Jim   Mon Mar 06, 2006 8:20 am GMT

I never said that you were a spelling reformist. I only make the point that they use similar arguements. You are wrong to say that the apostrophy represents nothing. It, for example, represents the difference between "its" and "it's", that's something. A world without apostrophies would be more ambiguous. It might still be worth the ambiguity but the ambiguity will exist.
Damian in Edinburgh   Mon Mar 06, 2006 8:31 am GMT
Its essential to use apostrophe's correctly as the entire meaning of a sentence can well be misconstrue'd if that wee ' is misplace'd.
btw Adam: banana's are currently 29p a kilo at Sainsbury's. Thats great.
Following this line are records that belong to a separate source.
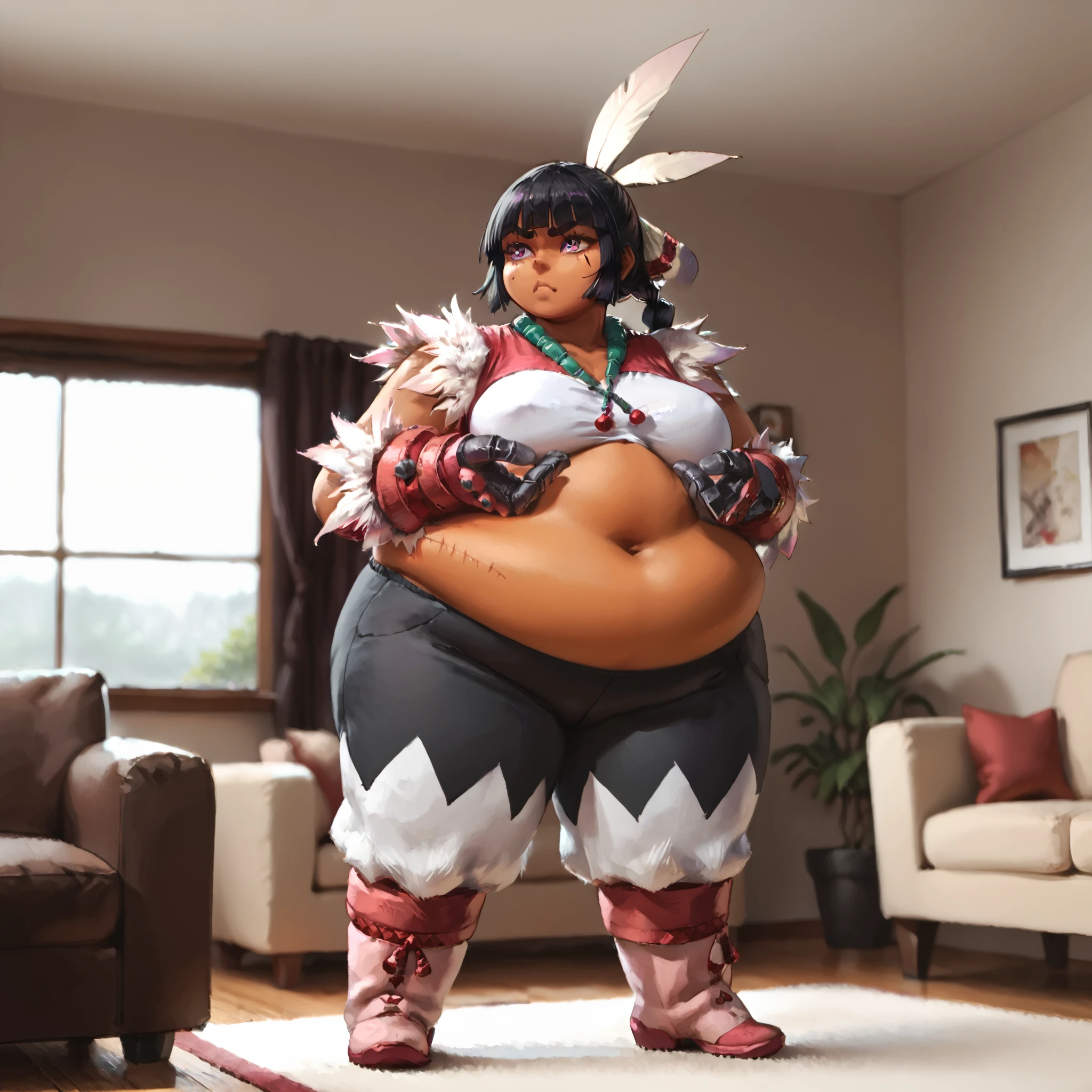 triggers for the Character:long hair,black hair,purple eyes,dark skinned female,single braid,plump,big belly,belly scar,large breasts,thick thighs,blunt bangs,thick eyebrows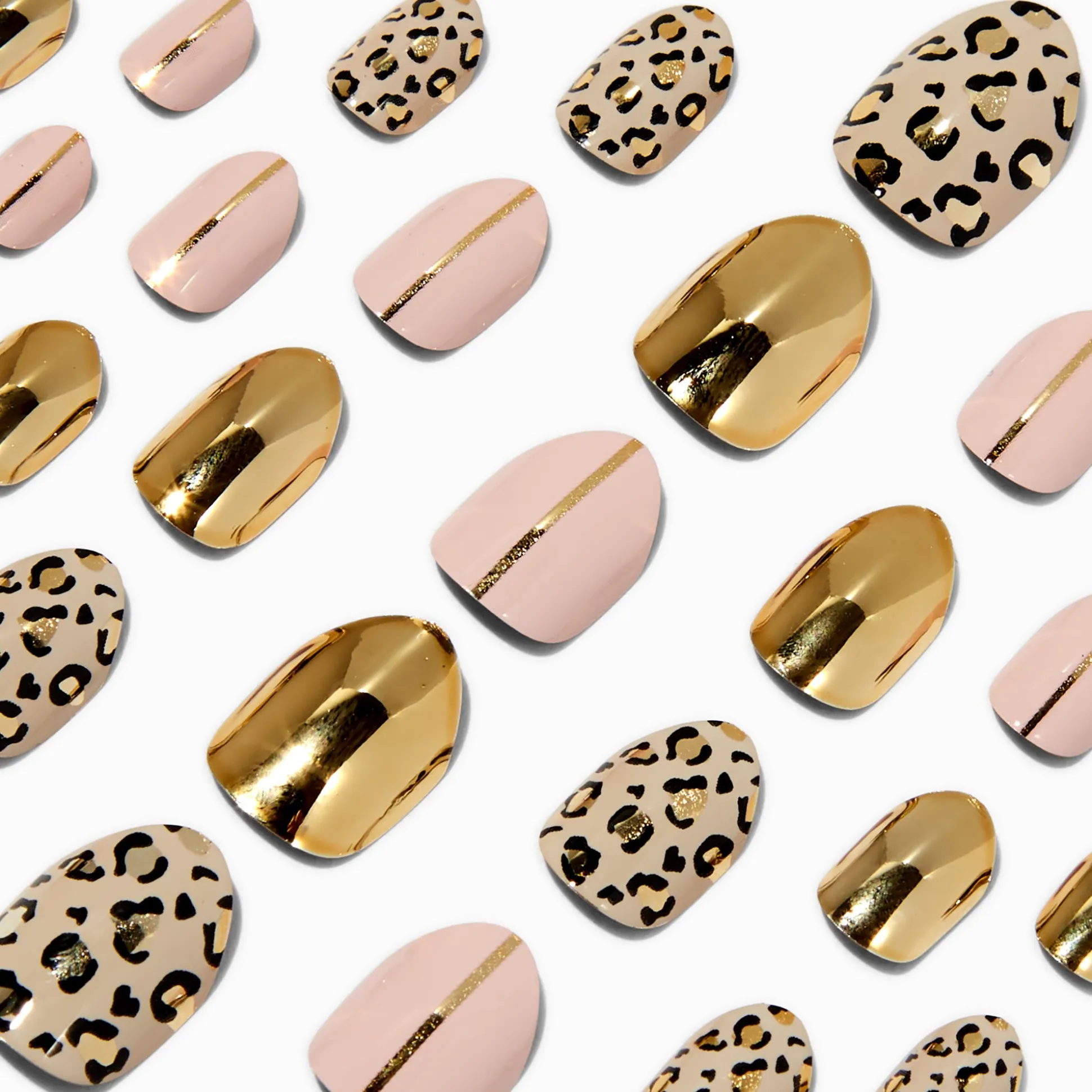 Serious feline vibes will be right at your fingertips with this on-trend set of faux nails. Stiletto-shaped nail set features a leopard design. Vegan nails are easy to apply, just press on and go!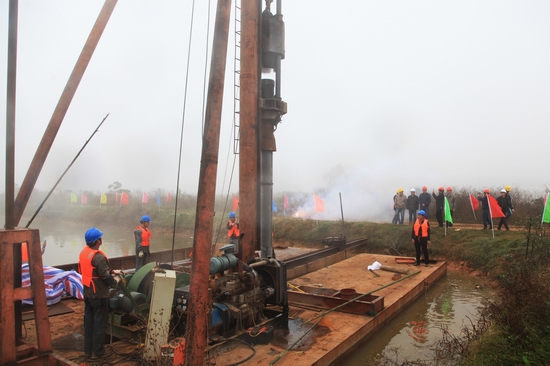 正式開(kāi)機(jī)打入第1根水泥樁。

Of course the apostrophe is very important in written English and here in Scotland at least (which has a different education system from England) great emphahis is placed on teaching the correct form's....oops...forms.

Ruth Kelly? ha ha! :-(
Guest   Mon Mar 06, 2006 8:32 am GMT
its, it's; wont, won't; were, we're

It's used to represent possessives, to indicate the plural of a letter, to form works fine as it is. There's no need to abandon it.
Damian   Mon Mar 06, 2006 8:33 am GMT
Ooops....... its 79p a kilo........ 29p at end of day sell off. Thats a bargain.
C6064OS   Mon Mar 06, 2006 8:40 am GMT

"You are wrong to say that the apostrophy [sic] represents nothing. It, for example, represents the difference between 'its' and 'it's', that's something."

I've removed the apostrophe from "it's" in this sentence. Please point out the ambiguity:

If the bird did damage its left wing when it flew into the window, its going to be difficult to save it.